27602\. (a) A person shall not drive a motor vehicle if a television receiver,
a video monitor, or a television or video screen, or any other similar means
of visually displaying a television broadcast or video signal that produces
entertainment or business applications, is operating and is located in the
motor vehicle at a point forward of the back of the driver’s seat, or is
operating and the monitor, screen, or display is visible to the driver while
driving the motor vehicle.

(b) Subdivision (a) does not apply to the following equipment when installed
in a vehicle:

(1) A vehicle information display. (2) A global positioning display. (3) A
mapping display. (4) A visual display used to enhance or supplement the
driver's view forward, behind, or to the sides of a motor vehicle for the
purpose of maneuvering the vehicle.

(5) A television receiver, video monitor, television or video screen, or any
other similar means of visually displaying a television broadcast or video
signal, if that equipment satisfies one of the following requirements:

(A) The equipment has an interlock device that, when the motor vehicle is
driven, disables the equipment for all uses except as a visual display as
described in paragraphs (1) to (4), inclusive.

(B) The equipment is designed, operated, and configured in a manner that
prevents the driver of the motor vehicle from viewing the television broadcast
or video signal while operating the vehicle in a safe and reasonable manner._

[ there is more regarding displays in vehicles operated by utility companies]

------
diceless
Lets ignore Google Glass for a moment and realize what she was ticketed for
and how it will affect anyone with a cell phone in California.
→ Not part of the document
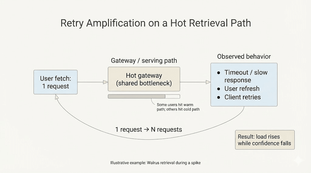 No Walrus, essa imprecisão vem de lugares mundanos. O caminho de alguém está ocupado. Um gateway está quente. As tentativas se acumulam e de repente o "um arquivo" se torna dez solicitações. Ao mesmo tempo, o trabalho de reparo está consumindo largura de banda e atenção porque o sistema está tentando se manter acima do limite, não fazer sua interface parecer suave.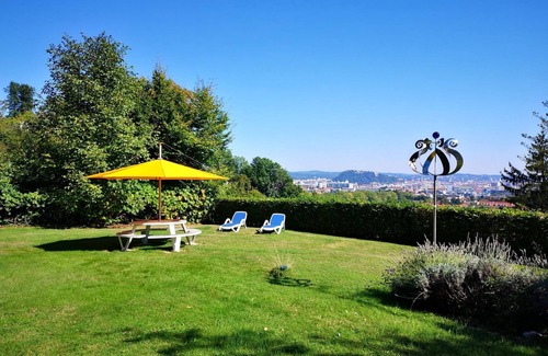 Villa - Floor with garden and terraces is located in Eggenberg. Villa - Floor with garden and terraces provides accommodation, featuring Air Conditioner, Parking, Fireplace/Heating, among other amenities. This Villa features Air Conditioner, Parking, Fireplace/Heating, to make your stay a comfortable one.

She was ticked for having a display that could show non-car related
information somewhere within her field of view. Any person that has there cell
phone on their center console could be ticketed under the same law. Have your
cell phone mounted on your dash, your just asking for a ticket if this goes
through. Cops will give whatever ticket they can because they know part of
that ticket will go to their department and pay for extras they like to have.
More tickets, more overtime they get to have.

I fully agree, driving while distracted it bad. Very bad. But to my knowledge
they haven't outlawed drinking coffee or eating yet in the car. Far more
dangerous than being responsible and having your phone mounted in a place were
it doesn't take anymore eye time than your speed speedometer does.

I have my phone mounted on the dash for a simple reason, I want to know who is
calling me. I limit who I take to when I'm driving. I'm not going to take work
calls unless it's my boss and he's fine if I hang up on him if it's important.
I'm going to take calls from my wife, because of the same. But if it's someone
else, I ignore it unless I know it will be urgent and worth the risk of
talking while driving. Yes, I use Bluetooth. But is talking on the phone that
is dangerous, not if you are holding the phone.

And the argument that she must have been distracted by the google glasses
because she passed a cop while speeding. I'm sorry, but people get ticked for
speeding every second in california without google glasses on.

------
brudgers
Passed a cruiser while speeding.

To those saying Glass is not a distraction: sarcasm is the lowest form of wit.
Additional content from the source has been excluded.